After two days of missed tours and delays, we arrived two hours before scheduled boarding. (Thank you, Jesus; we are teachable.) ANYWAY…learning that the street lift was closed, we entered Trump Towers inquiring how to descend to Trump Dock.
Trump Towers
To save you an hour of finally solved cunundrums, Gwen, one of the concierges, retraced our steps to realize the inaccessibility to the boat. She called for building security to unlock a private entrance from Trump Towers to allow us onto the Trump Dock. (We met a ninety-year-old woman here. By her looks and agility, I bet she could have boarded the Wendella by jumping.) Gwen had a couple of bottles of ice cold water waiting for us upon our return. Thank you, Gwen!
On this architectural tour, we had breathtaking up-close views, excellent live narrative about magnificent buildings, architecture, and Chicago’s rich history. We passed through
Chicago skyline from the Wendella on Lake Michigan
Chicago’s Lock into Lake Michigan to view Chicago’s entire skyline. I always looked for the Batman Building (John Hancock) with the two metal spires reaching heavenward, and Navy Pier.

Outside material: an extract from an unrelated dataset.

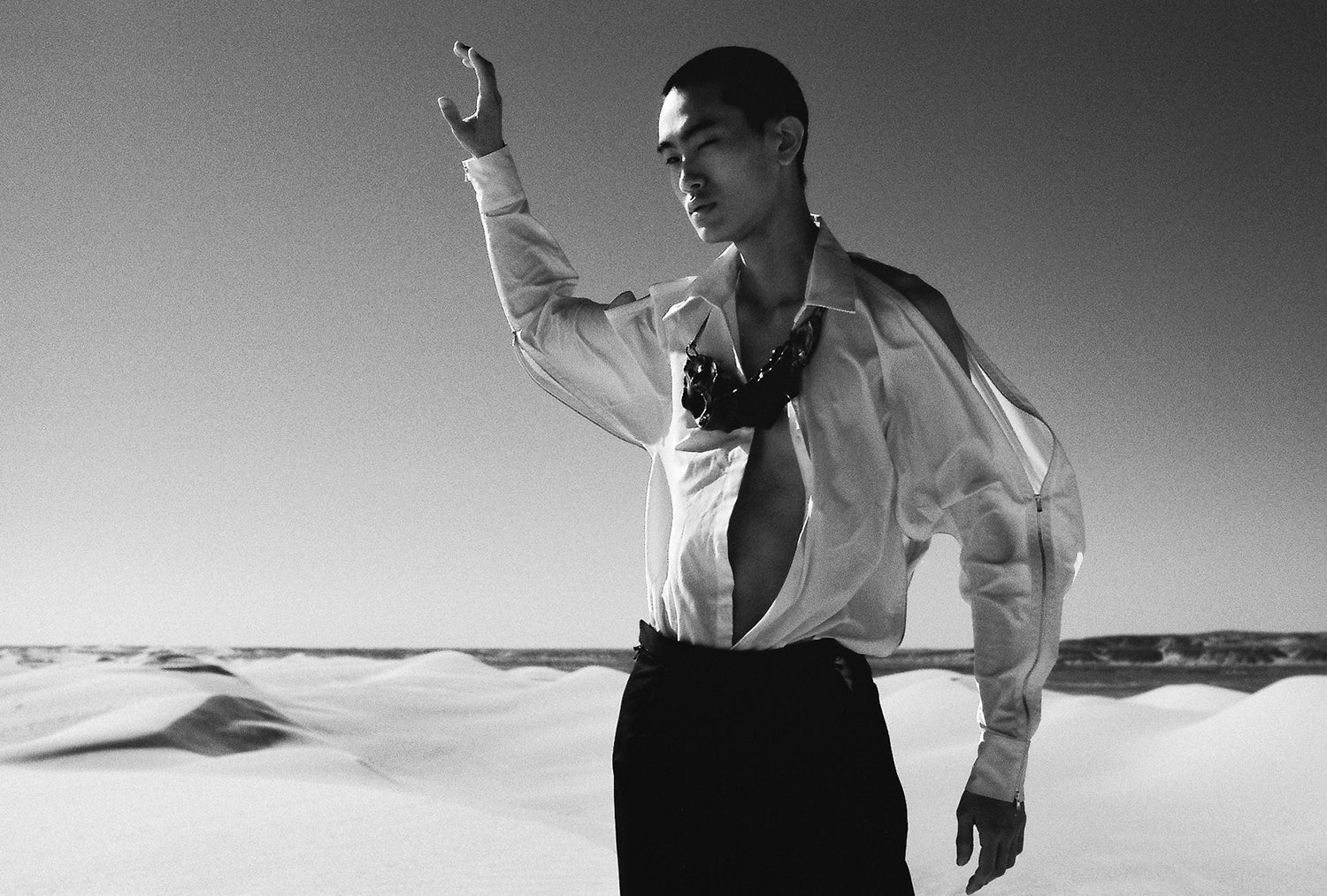 そして 2025 年、節目に相応しい 2024 年を経て YUIMA NAKAZATO は、さらなる一歩を踏みだす。そのスタートである 2025 SPRING & SUMMER コレクション《FADE ―砂漠が語る宇宙と巨大ナマズの物語は衣服に宿るか―》で中里唯馬は、コレクションのインスピレーションのひとつでもあるエジプトの白砂漠を移動するなかでアクシデントに見舞われた。その際、中里の胸中で、巨大ナマズの神話についての妄想が膨らみ、慄きが生まれた。そこで中里は、物語と衣服の関係について想い至る。また、最新コレクション《FADE》に至るキャリアのなかで「人間の美しくあろうとする尊厳」に触れ、機能性が偏重される現代にありながら「装飾性の価値を改めて追求する」と中里は意を新たにした。もちろんこの志は、モードの初期衝動への単なる回帰ではない。失われた機能に替わるのは、「いま」ここでしか成立し得ない同時代的対話から生まれる物語であろう。物語とファッション、いずれも人間を人間たらしめる大きな特徴であり、これまでも中里は、全ての感覚をもって、あらゆる事象のナラティブを捉え、YUIMA NAKAZATO にしか語りえぬ物語をクチュールに編み込んできた。しかし、これからは、わたしたちも中里が抱える大きな課題を共有し、YUIMA NAKAZATO のクチュールに物語を託さなくてはならない。

(Adults $26, seniors $24, and children (11 and under) $13. The Wendella even had an open bar.)
Allow me to give kudos to my little hero, Sandy. This trip would not have been possible without her; not just for her physical presense accompanying me, but also for her astounding mental and visual memory. Whether taking directions, finding our way, remembering people’s names, streets, or buildings, she’s a human GPS. I love you, Sandy. Thank you!